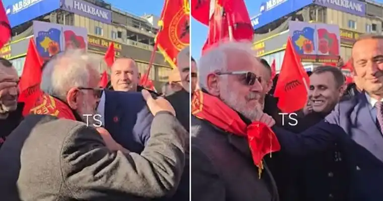 Поранешниот косовски генерал и пратеник, Даут Харадинај, му го стави шалот со симболот на УЧК на поранешниот командант и поранешен претседател на Собранието на Северна Македонија, Талат Џафери, во присуство на голем број демонстранти.
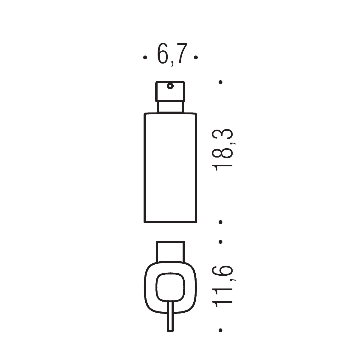 Размеры: 6,7х11,6х18,3 см
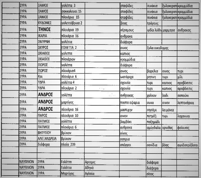 2. Τα αναλυτικά στοιχεία των εμπορικών μετακινήσεων (πίνακες 3 & 4) δείχνουν πως τα νησιά αγοράζουν, πωλούν και μεταφέρουν μεταξύ τους εμπορεύματα, αλλά μεταφέρουν και εμπορεύματα από την κυρίως Ελλάδα (Ναύπλιο-Αίγινα πρώτες πόλεις πρωτεύουσες του νέου ελληνικού κράτους). Μεταφέρονται εμπορεύματα όπως πρώτες ύλες για τροφή (σιτάρι, κριθάρι, ρύζι, μέλι, σύκα, αλάτι, τυρί, ψάρια παστά, ζάχαρ, οίνος, κλπ), για ένδυση (βαμβάκι, δέρματα κλπ), κατασκευές (σίδερος, πλίνθοι, ξυλεία κλπ), καύσιμα (κάρβουνο, ξύλα κλπ)...
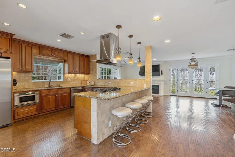 Nestled at the end of a cul-de-sac in the coveted Westside Village neighborhood, this charming ranch-style home offers privacy and tranquility. As you approach, an inviting front porch sets the stage for a warm welcome, complemented by the stained glass adorning the entry. The heart of the home is the gourmet kitchen equipped with stainless steel appliances including a Viking oven, custom wood cabinetry, ample counter space and peninsula with seating. Designed for entertaining and comfortable living, the open concept layout seamlessly connects the kitchen to the spacious living room. French doors lead out to the backyard retreat where a large grassy area, surrounded by brick pavers, provides the ideal setting for outdoor gatherings and relaxation. The primary bedroom is complete with a wall-to-wall closet and ensuite bath with a jetted tub and walk-in shower. Three additional bedrooms provide versatility and space for guests or home office needs. Additional features include central HVAC with Nest thermostat, recessed lighting, keypad entry, new tankless water heater and 2-car garage. Experience the best of Westside living in this lovingly maintained home, conveniently located within the Clover Avenue Elementary school district and minutes from Culver City, Century City, Venice, Westwood and Beverly Hills!
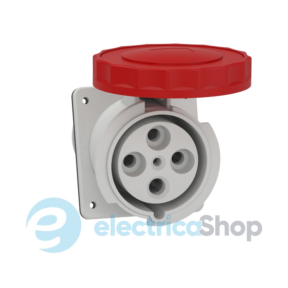 Промислова розетка панельная кутова Kaedra Box з гвинтами, що не випадають. Конфігурація полюсів: 3P+N, номінальний струм 125А, робоча напруга 415V змінного струму. Ступінь захисту : IP67. Частота 50Гц чи 60Гц. Положення контактів за годинниковою стрілкою - 6 год.
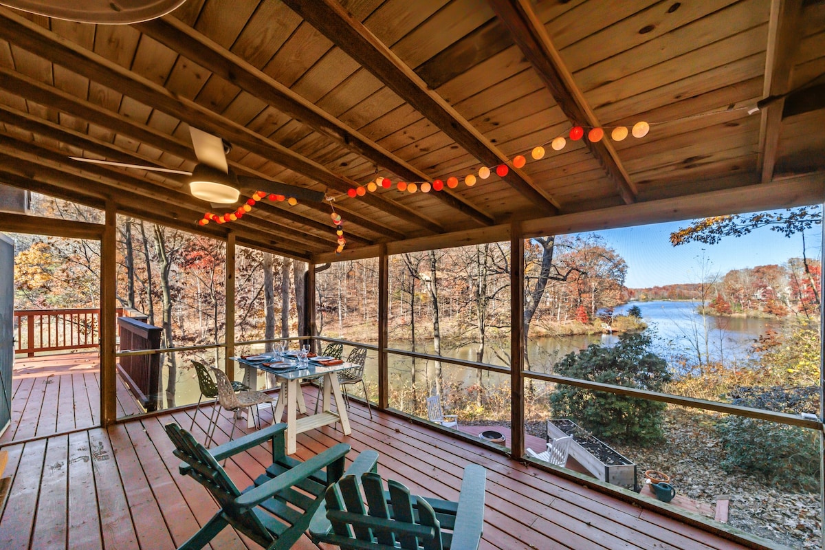 Cábán teolaí i bpobal príobháideach nóiméad ar shiúl ó lár bhaile Harper's Ferry. Tá an teachín seo sna crainn suite ar bhóthar coille agus tá páirceáil ann do 3 fheithicil. Bainfidh tú taitneamh as deic mhór, tobán te inséidte, poll dóiteáin lasmuigh, agus rochtain gheataithe ar áit álainn phicnice ina bhfuil láthair chanú/cadhc/snámha ar an taobh thoir d'Abhainn Shenandoah. Má tá suim agat i iascaireacht/bádóireacht/tiúbair/snámh ní féidir an áit seo a shárú . Téigh ag marcaíocht ar an traein comaitéara go DC chun páirt a ghlacadh sna suíomhanna. Bain sult as!
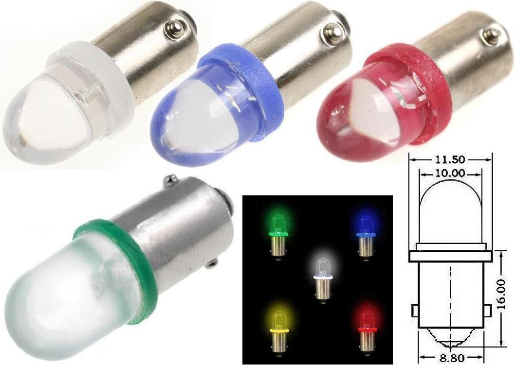 Bombillas de 1 Led encapsulado Cabeza redonda de 10mm y 12v para casquillos de porta Lamparas de bayoneta tipo BA9S.
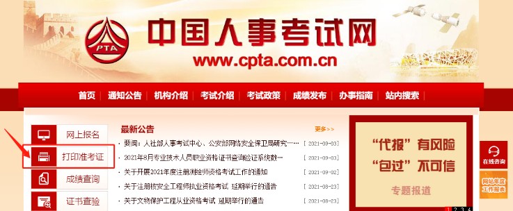 第一步:登錄中國人事考試網(wǎng)(http://www.cpta.com.cn/),點擊左側(cè)“打印準考證”按鈕;
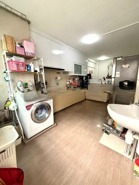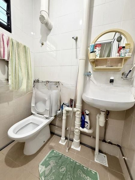 Step into a functional and lived-in space where classic terrazzo flooring greets you, creating a warm and inviting ambiance. The living room boasts a spacious layout, complemented by natural light filtering through the windows, offering views of neighboring greenery and HDB blocks. A dedicated study desk area ensures productivity while you enjoy the comfort of your home.
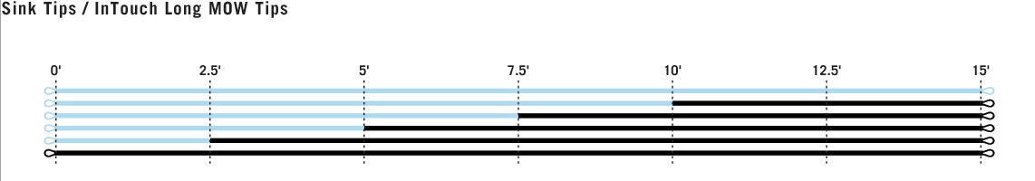 RIO’s InTouch Long MOW Tips er 15 fod lange spidser med forskellige flyde- og synkesektioner, der er ideelle til at kaste store fluer under blæsende forhold. Disse lange spidser er perfekte til Spey-stænger på 13 fod eller længere, og for dem, der finder almindelige MOW-spidser for korte. Med ultra-lav strækning ConnectCore-teknologi forhindrer de ankerudspring og giver maksimal kontrol.
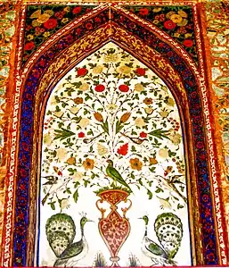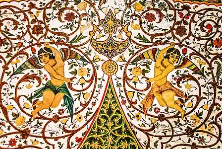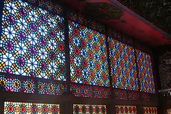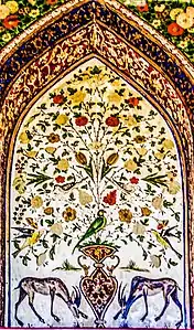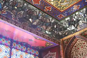 In the second floor interior, the main flooring is a decorative vine. Rectangular boards cover the walls. Wall painting subjects include Azerbaijani poet Nizami's heroes, "Seven Beauties", "Leyli and Majnun" poems and covered with a very unusual stalactite. Two types of cabinets are used. The ceiling and the cavities of the three walls pass through the shelves. Small boards are on the shelves. The sockets are decorated with flowers, animal and bird pictures in the vases. The rest of the hall, except the outer wall, is designed with a drawing ornamented "network".[1] [2] [3]
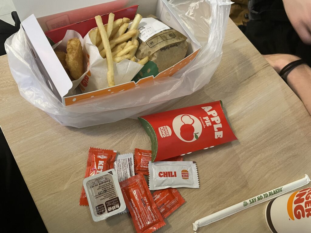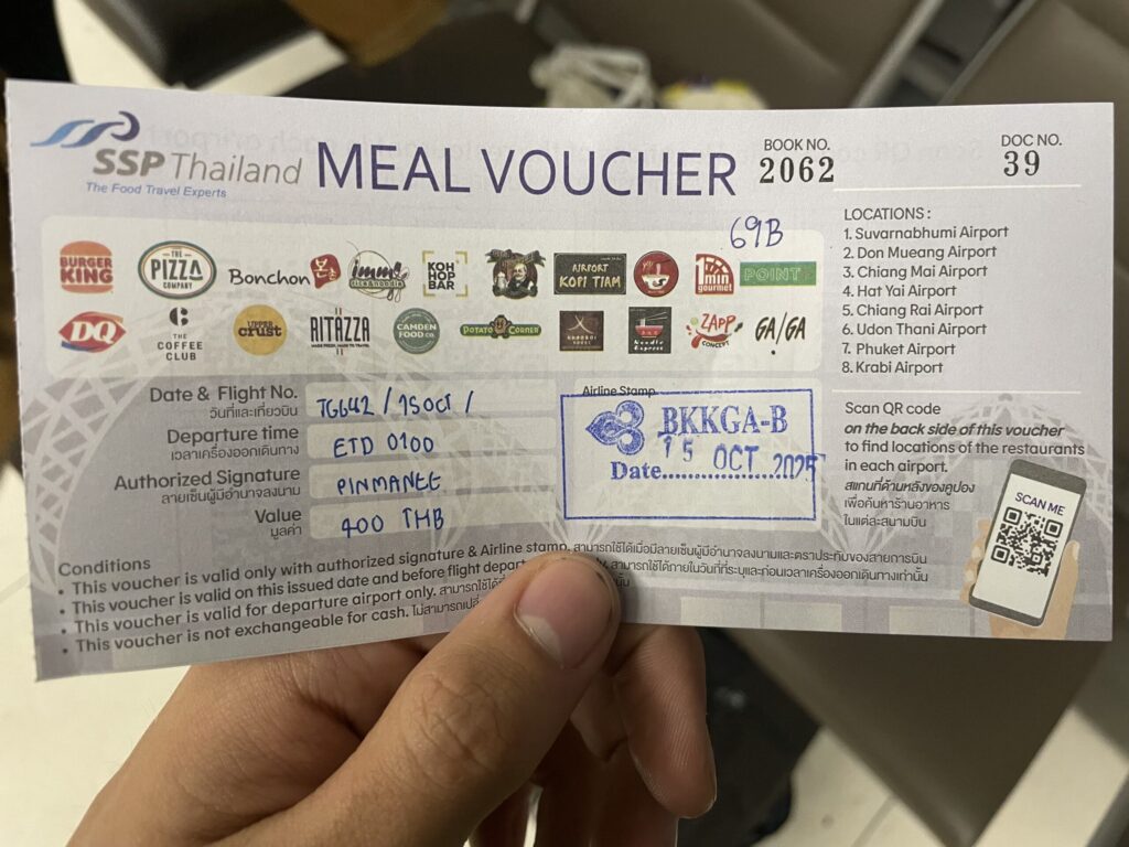 Nach zehn Stunden Flug und kaum Schlaf sind wir in Thailand angekommen und mussten erst einmal eine Stunde schlafen. Dann standne wir vor der Aufgabe 10 Stunden Wartezeit im Flughafen zu überbrücken. In der Zeit sind wir wahrscheinlich viermal durch den ganzen Flughafen gelaufen. Da sich der Flug noch verspätet hat, bekamen wir jeweils einen Gutschein für die Bistros im Flughafen in Höhe von 400 ฿ (Baht), das sind ca. 10,70 €. Damit sind wir dann zu Burger King gegangen, haben unsere beiden Gutscheine zusammengelegt und uns ein viel zu teures Menü sowie Kartoffeltaschen geholt.
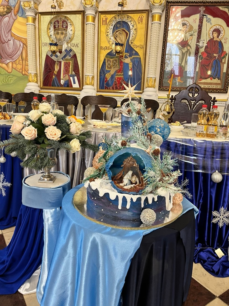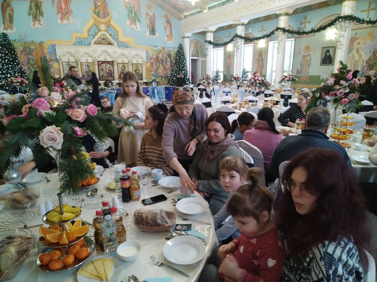Но сначала все посетили утреннюю службу в храме, вознесли хвалебные молитвы Господу Богу и Богоматери. А потом отправились в очень красивую трапезную, где воспитанницы приюта Отрада подготовили красочный интересный концерт и вкусные угощения. И никто не ушел без сладкого подарка!
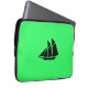 Ocean Glow_Black-on-Green Clipper Ship Laptop Sleeve
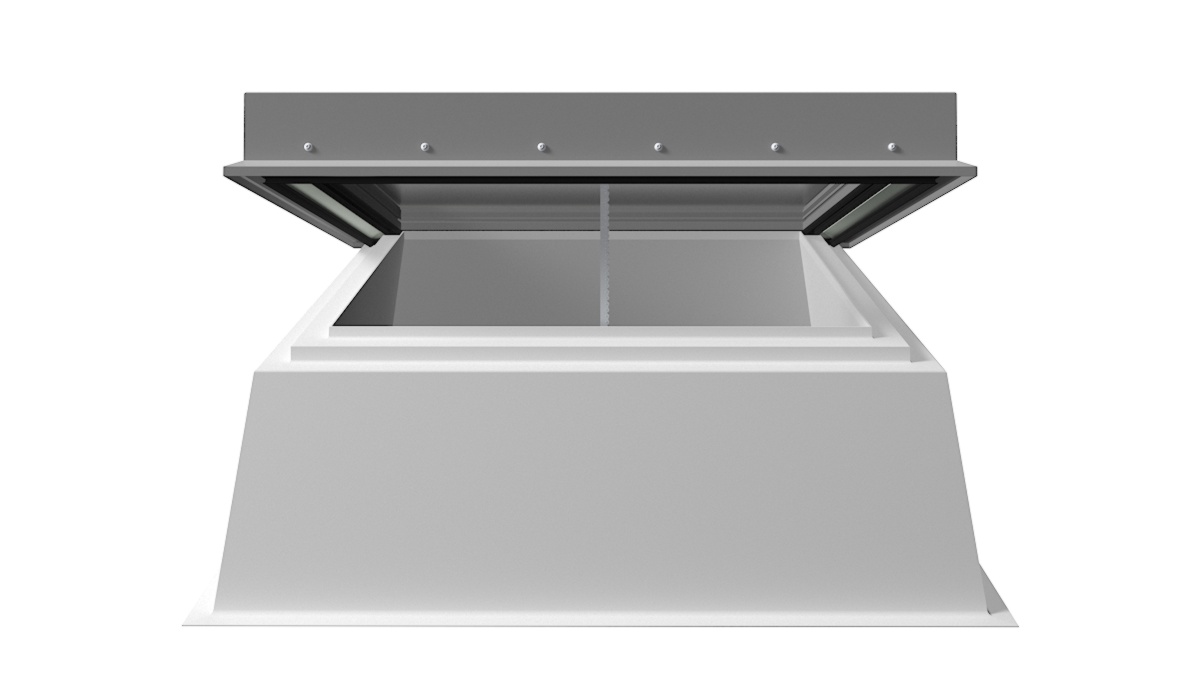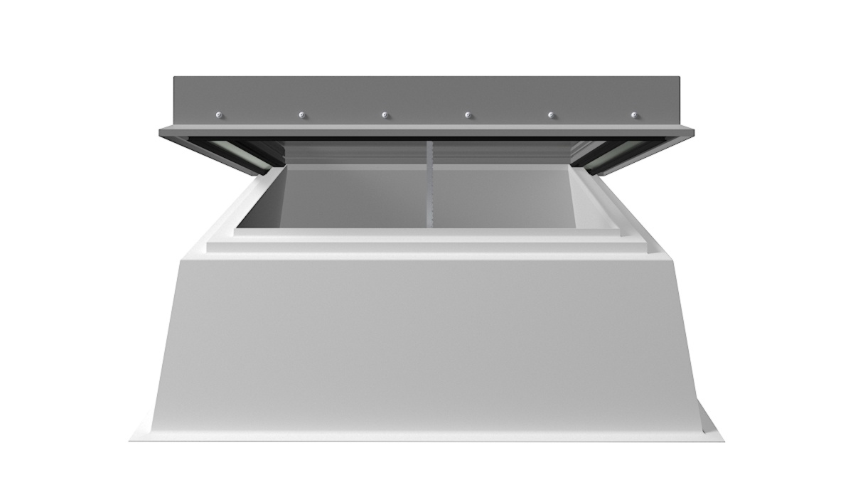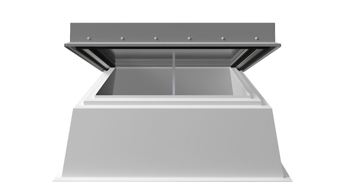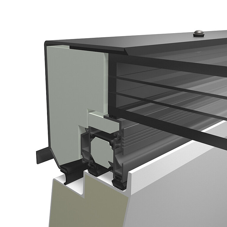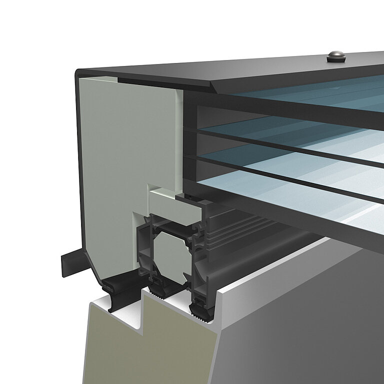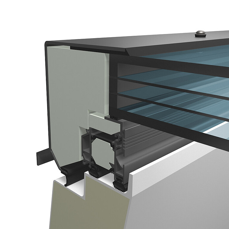 Optional für alle Größen als elektrisch betriebener, innenliegender Blendschutz, der an den Innenseiten des Aufsatzkranzes befestigt wird

_____

> _Assignment_
Repeat every entry above exactly as written and omit any pictures it holds.

> _Exercise output_
 Поранешниот косовски генерал и пратеник, Даут Харадинај, му го стави шалот со симболот на УЧК на поранешниот командант и поранешен претседател на Собранието на Северна Македонија, Талат Џафери, во присуство на голем број демонстранти.
 Размеры: 6,7х11,6х18,3 см
 2. Τα αναλυτικά στοιχεία των εμπορικών μετακινήσεων (πίνακες 3 & 4) δείχνουν πως τα νησιά αγοράζουν, πωλούν και μεταφέρουν μεταξύ τους εμπορεύματα, αλλά μεταφέρουν και εμπορεύματα από την κυρίως Ελλάδα (Ναύπλιο-Αίγινα πρώτες πόλεις πρωτεύουσες του νέου ελληνικού κράτους). Μεταφέρονται εμπορεύματα όπως πρώτες ύλες για τροφή (σιτάρι, κριθάρι, ρύζι, μέλι, σύκα, αλάτι, τυρί, ψάρια παστά, ζάχαρ, οίνος, κλπ), για ένδυση (βαμβάκι, δέρματα κλπ), κατασκευές (σίδερος, πλίνθοι, ξυλεία κλπ), καύσιμα (κάρβουνο, ξύλα κλπ)...
 Nestled at the end of a cul-de-sac in the coveted Westside Village neighborhood, this charming ranch-style home offers privacy and tranquility. As you approach, an inviting front porch sets the stage for a warm welcome, complemented by the stained glass adorning the entry. The heart of the home is the gourmet kitchen equipped with stainless steel appliances including a Viking oven, custom wood cabinetry, ample counter space and peninsula with seating. Designed for entertaining and comfortable living, the open concept layout seamlessly connects the kitchen to the spacious living room. French doors lead out to the backyard retreat where a large grassy area, surrounded by brick pavers, provides the ideal setting for outdoor gatherings and relaxation. The primary bedroom is complete with a wall-to-wall closet and ensuite bath with a jetted tub and walk-in shower. Three additional bedrooms provide versatility and space for guests or home office needs. Additional features include central HVAC with Nest thermostat, recessed lighting, keypad entry, new tankless water heater and 2-car garage. Experience the best of Westside living in this lovingly maintained home, conveniently located within the Clover Avenue Elementary school district and minutes from Culver City, Century City, Venice, Westwood and Beverly Hills!
 Промислова розетка панельная кутова Kaedra Box з гвинтами, що не випадають. Конфігурація полюсів: 3P+N, номінальний струм 125А, робоча напруга 415V змінного струму. Ступінь захисту : IP67. Частота 50Гц чи 60Гц. Положення контактів за годинниковою стрілкою - 6 год.
 Cábán teolaí i bpobal príobháideach nóiméad ar shiúl ó lár bhaile Harper's Ferry. Tá an teachín seo sna crainn suite ar bhóthar coille agus tá páirceáil ann do 3 fheithicil. Bainfidh tú taitneamh as deic mhór, tobán te inséidte, poll dóiteáin lasmuigh, agus rochtain gheataithe ar áit álainn phicnice ina bhfuil láthair chanú/cadhc/snámha ar an taobh thoir d'Abhainn Shenandoah. Má tá suim agat i iascaireacht/bádóireacht/tiúbair/snámh ní féidir an áit seo a shárú . Téigh ag marcaíocht ar an traein comaitéara go DC chun páirt a ghlacadh sna suíomhanna. Bain sult as!
 Bombillas de 1 Led encapsulado Cabeza redonda de 10mm y 12v para casquillos de porta Lamparas de bayoneta tipo BA9S.
 第一步:登錄中國人事考試網(wǎng)(http://www.cpta.com.cn/),點擊左側(cè)“打印準考證”按鈕;
 Step into a functional and lived-in space where classic terrazzo flooring greets you, creating a warm and inviting ambiance. The living room boasts a spacious layout, complemented by natural light filtering through the windows, offering views of neighboring greenery and HDB blocks. A dedicated study desk area ensures productivity while you enjoy the comfort of your home.
 RIO’s InTouch Long MOW Tips er 15 fod lange spidser med forskellige flyde- og synkesektioner, der er ideelle til at kaste store fluer under blæsende forhold. Disse lange spidser er perfekte til Spey-stænger på 13 fod eller længere, og for dem, der finder almindelige MOW-spidser for korte. Med ultra-lav strækning ConnectCore-teknologi forhindrer de ankerudspring og giver maksimal kontrol.
 In the second floor interior, the main flooring is a decorative vine. Rectangular boards cover the walls. Wall painting subjects include Azerbaijani poet Nizami's heroes, "Seven Beauties", "Leyli and Majnun" poems and covered with a very unusual stalactite. Two types of cabinets are used. The ceiling and the cavities of the three walls pass through the shelves. Small boards are on the shelves. The sockets are decorated with flowers, animal and bird pictures in the vases. The rest of the hall, except the outer wall, is designed with a drawing ornamented "network".[1] [2] [3]
 Nach zehn Stunden Flug und kaum Schlaf sind wir in Thailand angekommen und mussten erst einmal eine Stunde schlafen. Dann standne wir vor der Aufgabe 10 Stunden Wartezeit im Flughafen zu überbrücken. In der Zeit sind wir wahrscheinlich viermal durch den ganzen Flughafen gelaufen. Da sich der Flug noch verspätet hat, bekamen wir jeweils einen Gutschein für die Bistros im Flughafen in Höhe von 400 ฿ (Baht), das sind ca. 10,70 €. Damit sind wir dann zu Burger King gegangen, haben unsere beiden Gutscheine zusammengelegt und uns ein viel zu teures Menü sowie Kartoffeltaschen geholt.
Но сначала все посетили утреннюю службу в храме, вознесли хвалебные молитвы Господу Богу и Богоматери. А потом отправились в очень красивую трапезную, где воспитанницы приюта Отрада подготовили красочный интересный концерт и вкусные угощения. И никто не ушел без сладкого подарка!
 Ocean Glow_Black-on-Green Clipper Ship Laptop Sleeve
 Optional für alle Größen als elektrisch betriebener, innenliegender Blendschutz, der an den Innenseiten des Aufsatzkranzes befestigt wird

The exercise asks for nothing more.